***** DATA PROVIDED
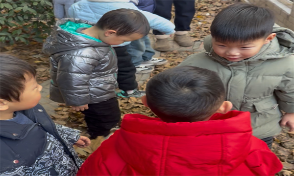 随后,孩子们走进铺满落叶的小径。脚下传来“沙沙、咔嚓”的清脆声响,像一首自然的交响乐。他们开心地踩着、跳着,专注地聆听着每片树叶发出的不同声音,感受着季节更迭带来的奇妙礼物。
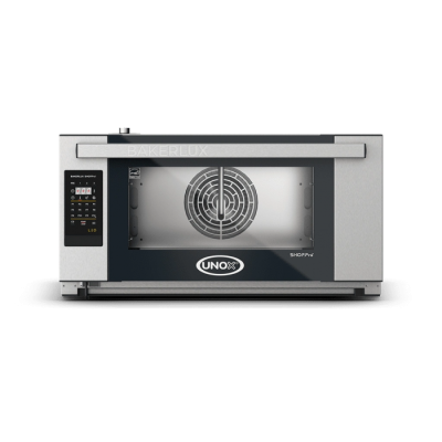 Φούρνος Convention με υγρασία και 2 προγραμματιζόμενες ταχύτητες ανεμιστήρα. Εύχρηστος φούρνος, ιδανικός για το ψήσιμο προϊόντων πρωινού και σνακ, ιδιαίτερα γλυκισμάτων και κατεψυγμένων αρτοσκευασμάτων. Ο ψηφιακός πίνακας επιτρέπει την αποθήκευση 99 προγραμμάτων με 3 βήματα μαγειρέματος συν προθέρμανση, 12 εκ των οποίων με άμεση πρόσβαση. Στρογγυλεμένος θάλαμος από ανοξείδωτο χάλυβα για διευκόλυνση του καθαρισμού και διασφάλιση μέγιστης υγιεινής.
**********
***** DATA PROVIDED
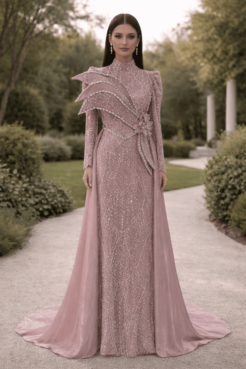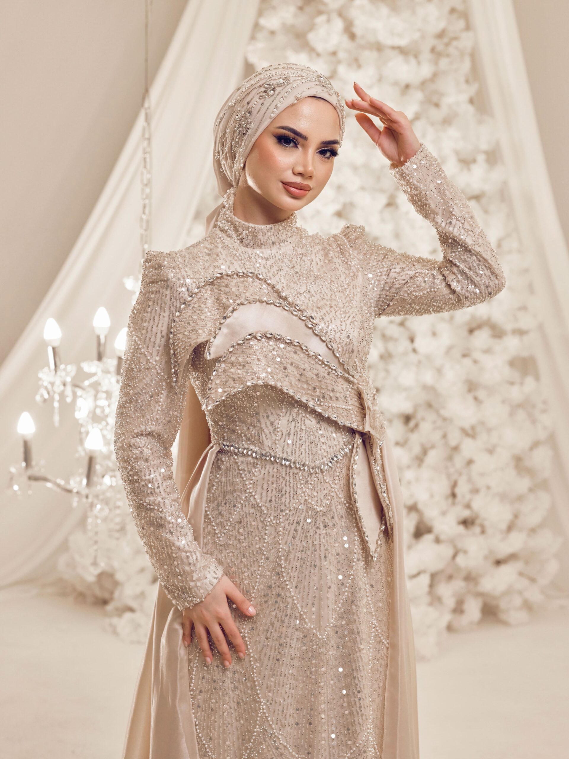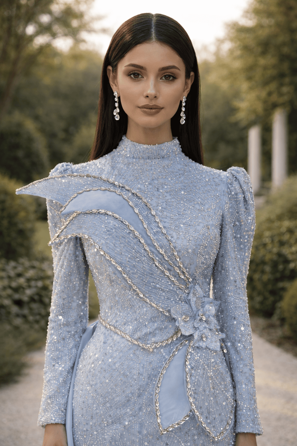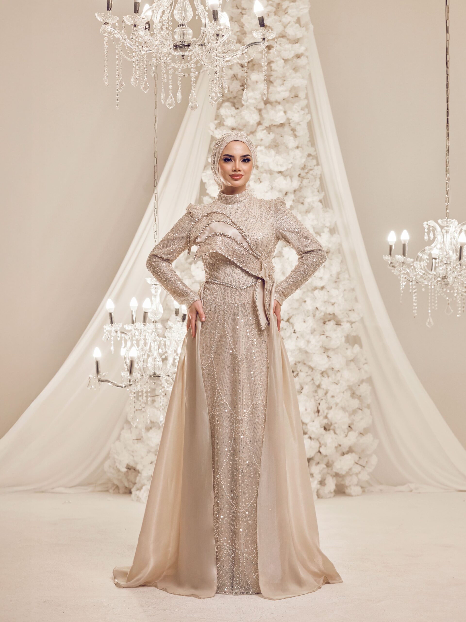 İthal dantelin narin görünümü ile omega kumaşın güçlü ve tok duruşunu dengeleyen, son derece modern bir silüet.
**********
ACTIVITY:
Here the job is to copy the listing above word for word, starting at the line with "随后,孩子们走进铺满落叶的小" and ending at the line with "Φούρνος Convention με", and to leave out the pictures.

RESULT OF THE TASK:
 随后,孩子们走进铺满落叶的小径。脚下传来“沙沙、咔嚓”的清脆声响,像一首自然的交响乐。他们开心地踩着、跳着,专注地聆听着每片树叶发出的不同声音,感受着季节更迭带来的奇妙礼物。
 Φούρνος Convention με υγρασία και 2 προγραμματιζόμενες ταχύτητες ανεμιστήρα. Εύχρηστος φούρνος, ιδανικός για το ψήσιμο προϊόντων πρωινού και σνακ, ιδιαίτερα γλυκισμάτων και κατεψυγμένων αρτοσκευασμάτων. Ο ψηφιακός πίνακας επιτρέπει την αποθήκευση 99 προγραμμάτων με 3 βήματα μαγειρέματος συν προθέρμανση, 12 εκ των οποίων με άμεση πρόσβαση. Στρογγυλεμένος θάλαμος από ανοξείδωτο χάλυβα για διευκόλυνση του καθαρισμού και διασφάλιση μέγιστης υγιεινής.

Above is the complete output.